**Requirement:** Using only the entries below, output the lines starting at the one containing "conservatives and patriots." and ending at the one containing "国内最大級のオンライン商店街", exactly and inclusive of both, omitting the pictures.

START Provided data

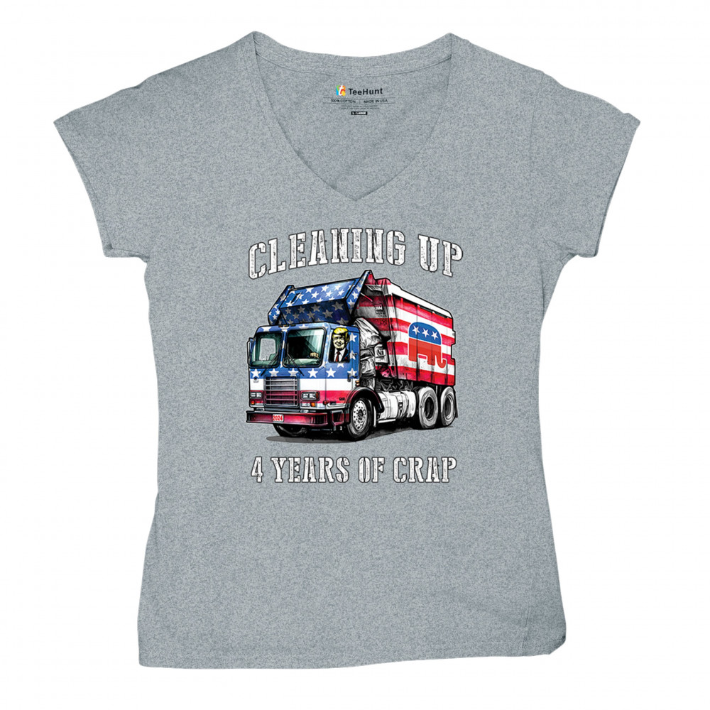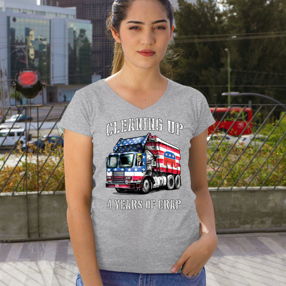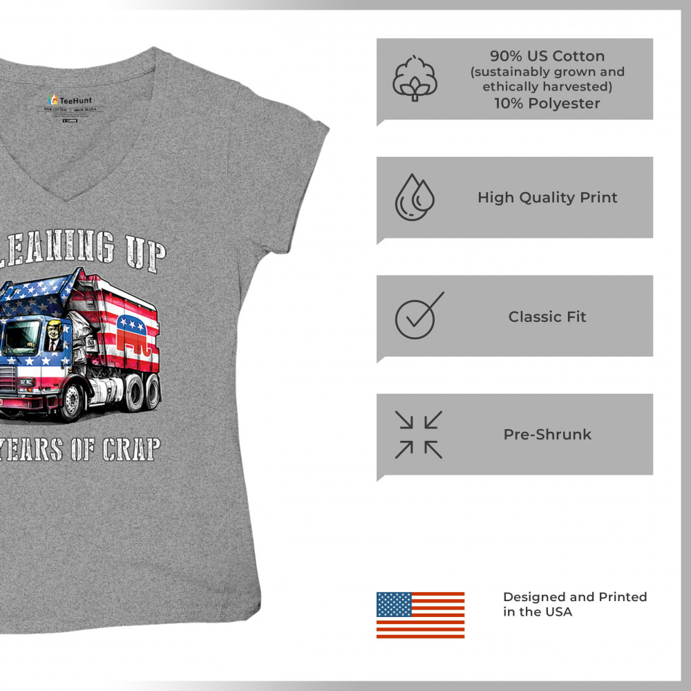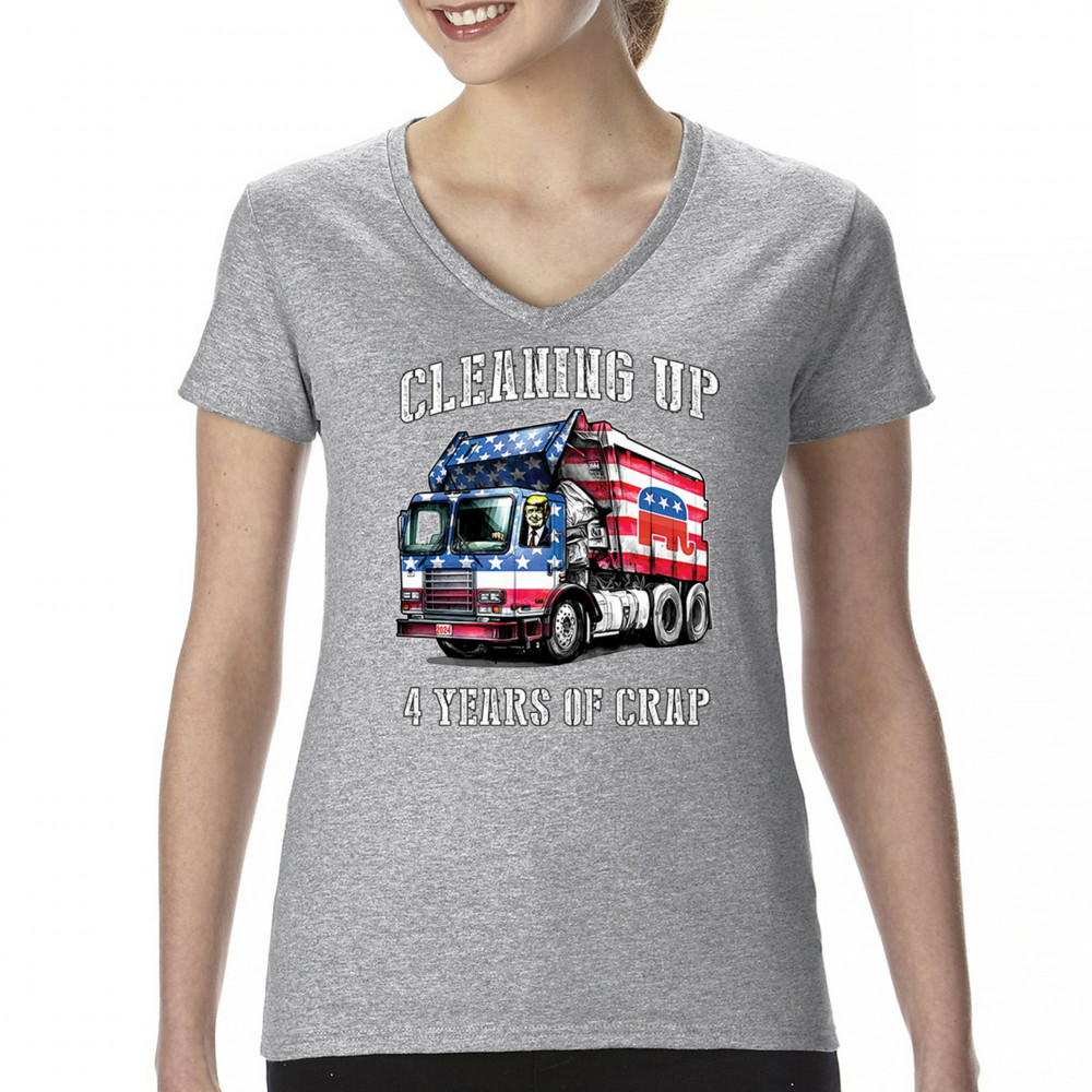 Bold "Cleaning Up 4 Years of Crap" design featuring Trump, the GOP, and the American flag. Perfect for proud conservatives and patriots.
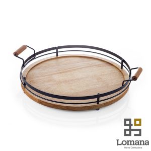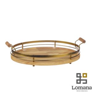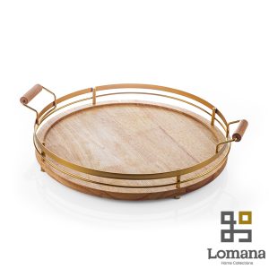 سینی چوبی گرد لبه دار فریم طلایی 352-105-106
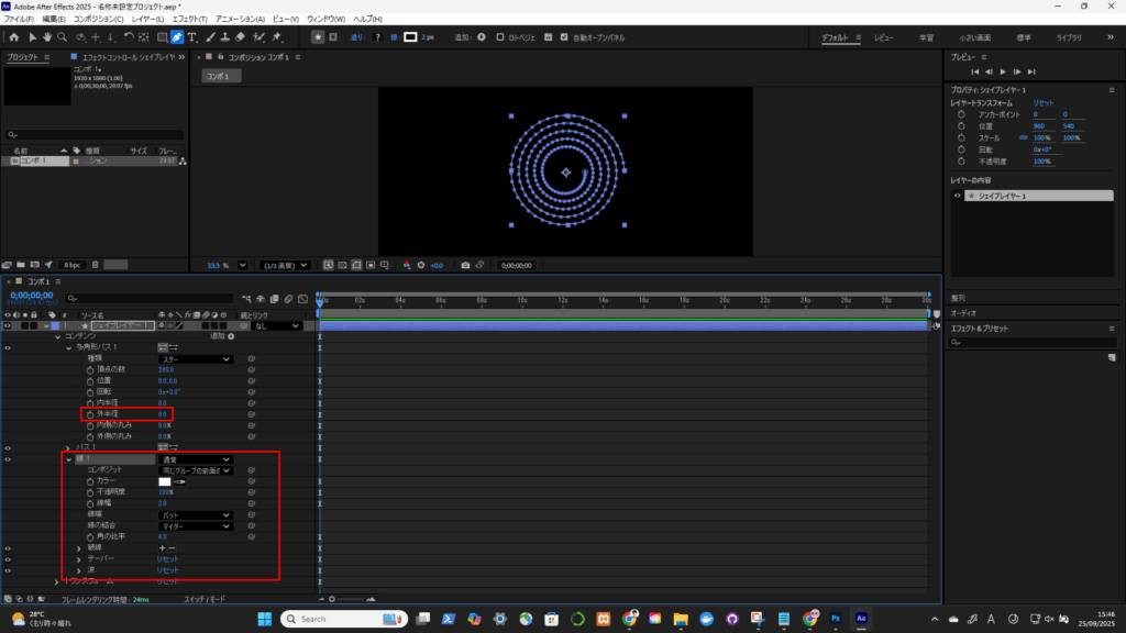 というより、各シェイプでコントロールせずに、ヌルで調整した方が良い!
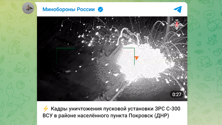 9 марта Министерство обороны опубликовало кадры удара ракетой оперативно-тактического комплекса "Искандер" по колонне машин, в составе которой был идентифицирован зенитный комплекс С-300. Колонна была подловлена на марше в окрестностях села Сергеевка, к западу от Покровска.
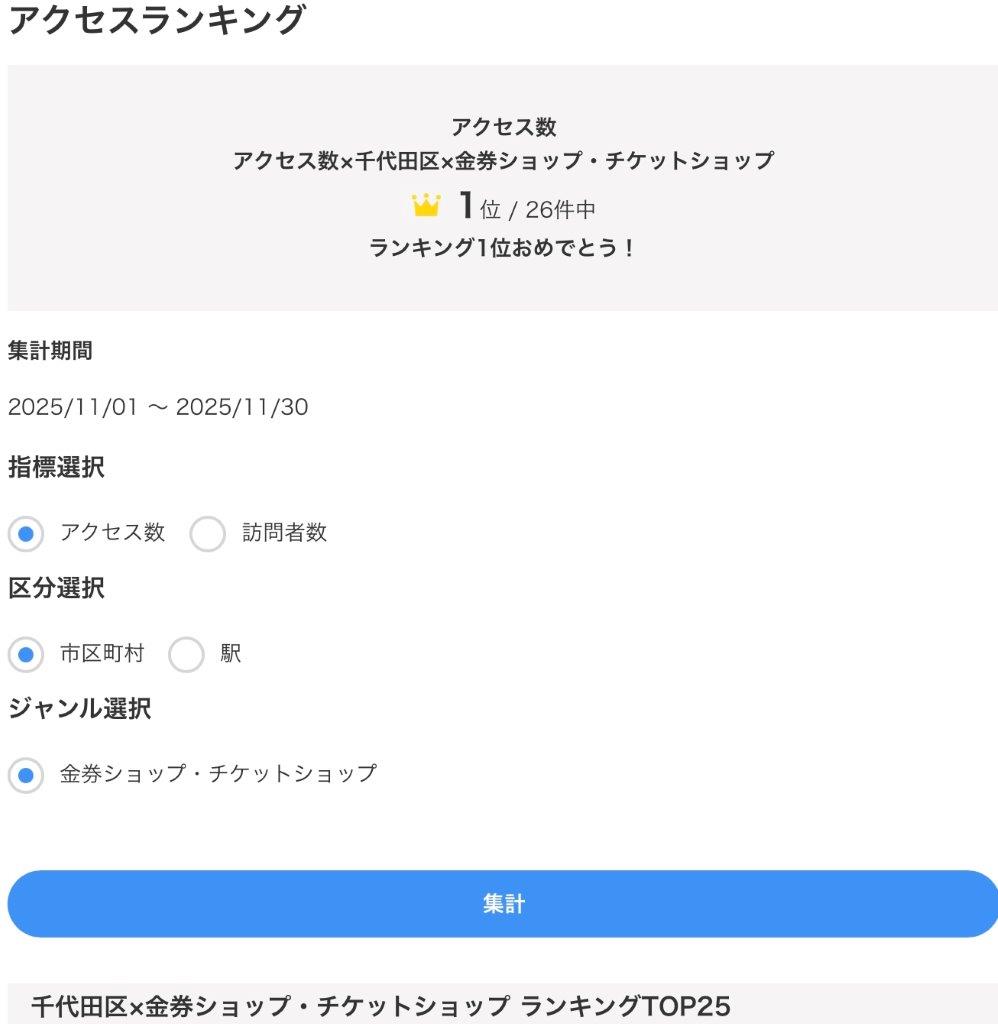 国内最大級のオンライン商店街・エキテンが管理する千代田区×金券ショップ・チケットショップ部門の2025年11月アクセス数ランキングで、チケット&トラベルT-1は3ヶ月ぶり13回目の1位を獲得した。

END Provided data
START Provided data

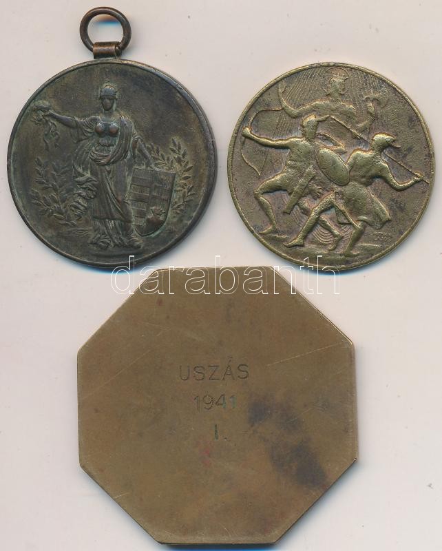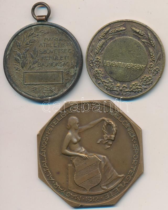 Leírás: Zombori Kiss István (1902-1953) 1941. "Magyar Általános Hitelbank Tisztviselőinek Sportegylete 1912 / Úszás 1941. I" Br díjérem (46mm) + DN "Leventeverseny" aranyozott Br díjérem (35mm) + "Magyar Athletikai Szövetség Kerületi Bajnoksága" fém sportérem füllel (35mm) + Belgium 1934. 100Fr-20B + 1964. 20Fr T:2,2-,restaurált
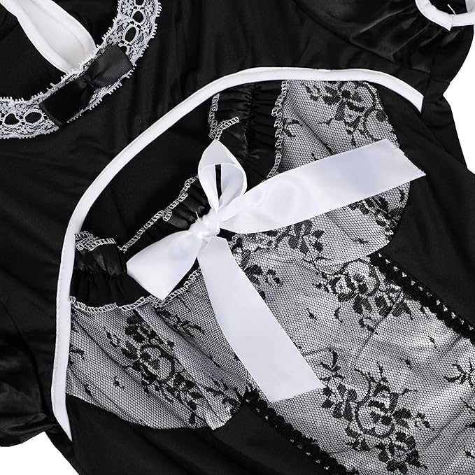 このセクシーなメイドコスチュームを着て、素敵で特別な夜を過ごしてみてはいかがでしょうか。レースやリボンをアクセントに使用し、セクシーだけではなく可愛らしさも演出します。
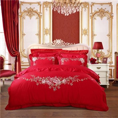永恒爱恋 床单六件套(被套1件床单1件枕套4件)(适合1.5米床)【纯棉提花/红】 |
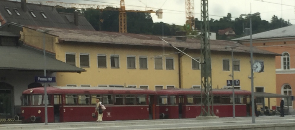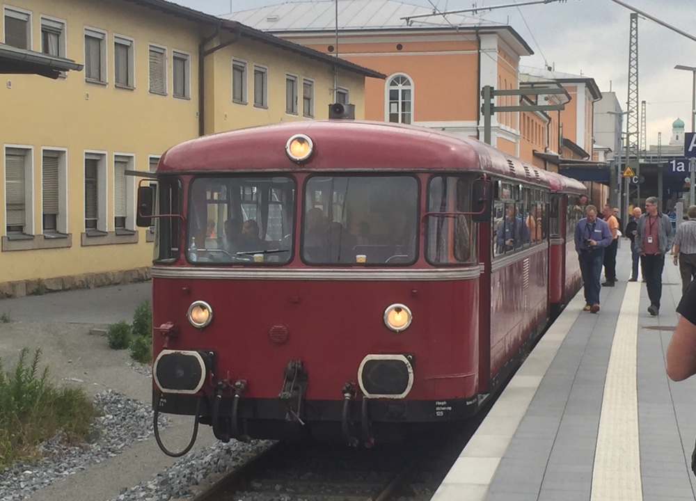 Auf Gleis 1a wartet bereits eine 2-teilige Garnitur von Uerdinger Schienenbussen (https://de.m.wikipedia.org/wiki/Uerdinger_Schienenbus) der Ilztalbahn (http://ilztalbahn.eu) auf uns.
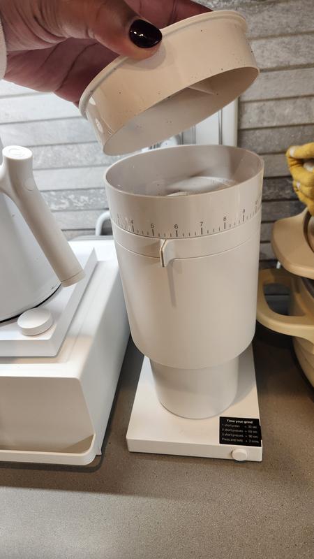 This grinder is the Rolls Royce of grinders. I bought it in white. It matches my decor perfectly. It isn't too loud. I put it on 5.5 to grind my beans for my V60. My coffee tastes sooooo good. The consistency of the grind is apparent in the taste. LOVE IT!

END Provided data

**Answer box:**
 Bold "Cleaning Up 4 Years of Crap" design featuring Trump, the GOP, and the American flag. Perfect for proud conservatives and patriots.
 سینی چوبی گرد لبه دار فریم طلایی 352-105-106
 というより、各シェイプでコントロールせずに、ヌルで調整した方が良い!
 9 марта Министерство обороны опубликовало кадры удара ракетой оперативно-тактического комплекса "Искандер" по колонне машин, в составе которой был идентифицирован зенитный комплекс С-300. Колонна была подловлена на марше в окрестностях села Сергеевка, к западу от Покровска.
 国内最大級のオンライン商店街・エキテンが管理する千代田区×金券ショップ・チケットショップ部門の2025年11月アクセス数ランキングで、チケット&トラベルT-1は3ヶ月ぶり13回目の1位を獲得した。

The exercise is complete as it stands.